Gödel’s Constitutional Quarrel
“The examiner was intelligent enough to quickly quieten Gödel and say ‘Oh god, let’s not go into this’ and broke off the examination at this point, greatly to our relief” — Oskar Morgenstern
Kurt Gödel (1906–1978) was the greatest logician who ever lived. At the age of 24, he revolutionized our understanding of the limits of epistemology — the theory of knowledge—by proving mathematically that all formal systems of logic are inherently incomplete. In a highly technical paper of 26 pages, Gödel showed how, no matter how comprehensive a system of rules, laws or axioms we devise, there will always be true and false statements which ‘fall through the cracks’, meaning they cannot be shown rigorously to belong to either classification. The consequences of his discovery spanned not only the foundations of mathematics, logic and philosophy, but indeed also spurred the development of the then-nascent fields of computer science, information theory and artificial intelligence.
Gödel’s Brilliant Madness
A meticulous man, perhaps the most meticulous man, Gödel arrived at his proof in the same way he arrived at most of his beliefs, by a combination of deep skepticism, rigor and, some say, pathological pessimism. Gödel would indeed spend the whole of his life in a battle against his two fiercest enemies: a morbid obsession with illness and death and, as a result, poor physical health. A lifelong iophobe, Gödel feared nothing more than being poisoned, and so made sure to only eat foods prepared for him and tasted by his wife Adele. Having grown up in apartments in Vienna heated by coal and coke, he obsessed over what he called “bad air” and “gases”, packing up and moving several times and refusing for most of his life to sleep in places warmed by central heating.
Gödel had fled the Nazi regime in Austria in 1940 following Hitler’s Anschluss of his native country. A visiting professor at the Institute for Advanced Study in Princeton, he spent the war years contemplating what he had experienced in Europe in an eternal — often times losing — battle against his own mind and its appetite for paranoid, cynical interpretations of reality.
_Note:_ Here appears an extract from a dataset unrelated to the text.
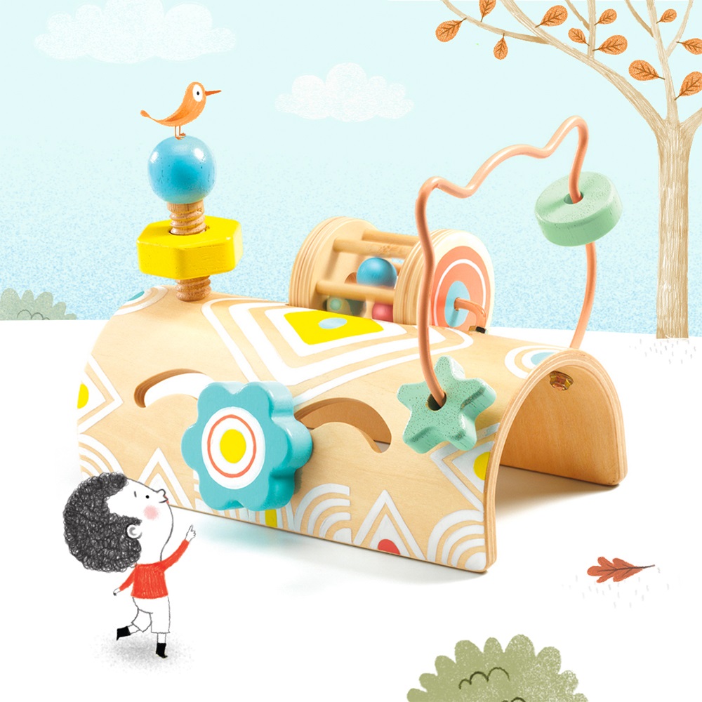 Από ασκήσεις προγραφής και λαβύρινθους μέχρι βιδώματα και στριφογυριστές κουδουνίστρες, αυτό το ξύλινο παιχνίδι πολυδραστηριοτήτων περιλαμβάνει οτι χρειάζονται οι μικροί μας φίλοι! Το εκπαιδευτικό παιχνίδι της εταιρίας Djeco προσφέρει διαφορετικά ερεθίσματα στο παιδί για να ανακαλύψει, ενώ βοηθά στην ανάπτυξη της λεπτής κινητικότητας και στον καλύτερο συντονισμό χεριού – ματιού.

Becoming an American Citizen
When the time came for Gödel to become an American citizen, he invited his friends Oskar Morgenstern and Albert Einstein to come along as witnesses to his citizenship hearing. A “very thorough man” according to his close friend Morgenstern, Dr. Gödel spent the months leading up to this hearing “informing himself about the history of North America by human beings”. For Gödel, such an inquiry would never have been complete without a sufficiently thorough study of all matters of American history, including the history of Native Americans, their tribes, the early settlers, the Civil War, Princeton, New Jersey, where “the borderline was between borough and the township”, “how the Borough Council was elected, the Township Council, who the Mayor was, how the Township Council functioned” and so on.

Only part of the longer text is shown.